This transparency improves the relationship between both parties: banks can tailor their offering to increase the customer’s chances of success, while companies can set targets and, by meeting them, earn the bank’s trust. Indeed, banks can also use this data to create incentives that reward customers who meet their targets ahead of schedule. Having better information about the companies in their lending and investment portfolios also helps banks manage their own transition by anticipating and minimising any risks – a vital step in preventing future financial crises.
More funding
Thanks to EU rules, Europe is leading the way in raising funds for the green transition. Today, the EU is leading the way in green bonds, helping governments raise €266 billion in 2022, more than three times the €85 billion raised in 2019. European companies, meanwhile, have more than doubled their green bond issuance since 2019. Sustainable finance is now one of the fastest-growing asset classes in Europe.

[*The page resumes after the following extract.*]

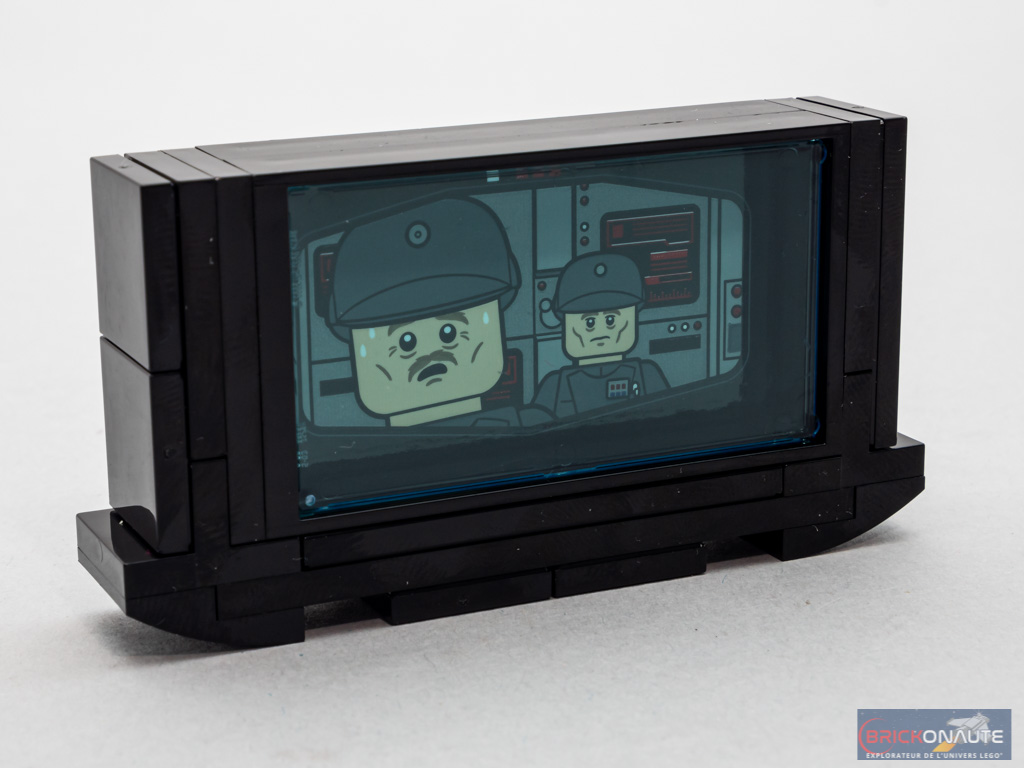 Nous attaquons alors le dernier sachet de pièces, portant le numéro 4. Qui commence avec la construction de l’écran principal. Un autocollant représente l’amiral Kendal Ozzel et le capitaine Firmus Piett. Ozzel, celui-là même qui se fait étrangler par Vador pour avoir quitté la vitesse lumière trop près de Hoth. Et Fimus Piett qui se retrouve pour l’occasion promu amiral. L’aspect bleuté est obtenu en plaçant une pièce trans blue devant l’autocollant – et c’est plutôt réussi.

Even SMEs, which are outside the main focus of these green rules, can benefit from them: around 10% of EU SMEs have taken out sustainable loans, a figure that is likely to increase when the simplified tools being developed for them are made available to them. Whether you run a large or small company, European rules are creating new ways to finance your business. We must now increase that support, especially for SMEs, which are the backbone of the European economy.
We must continue working
Before the EU regulations, investors were navigating a sea of greenwashed products. This deprived them of the confidence to invest, which in turn deprived companies of funding. After six years of hard work, investors have more and more information about green stocks, funds and other products, while companies have many more ways to attract the funding they need to innovate and become more competitive.
The foundations for the sustainable finance agenda have been laid. The next European Commission must simplify the use of these rules and work with businesses, especially SMEs, to increase their use of the financing tools at their disposal.
There is a wave of green investment waiting to be unleashed into our economy if we continue to build a robust sustainable finance agenda. Let us not miss this opportunity.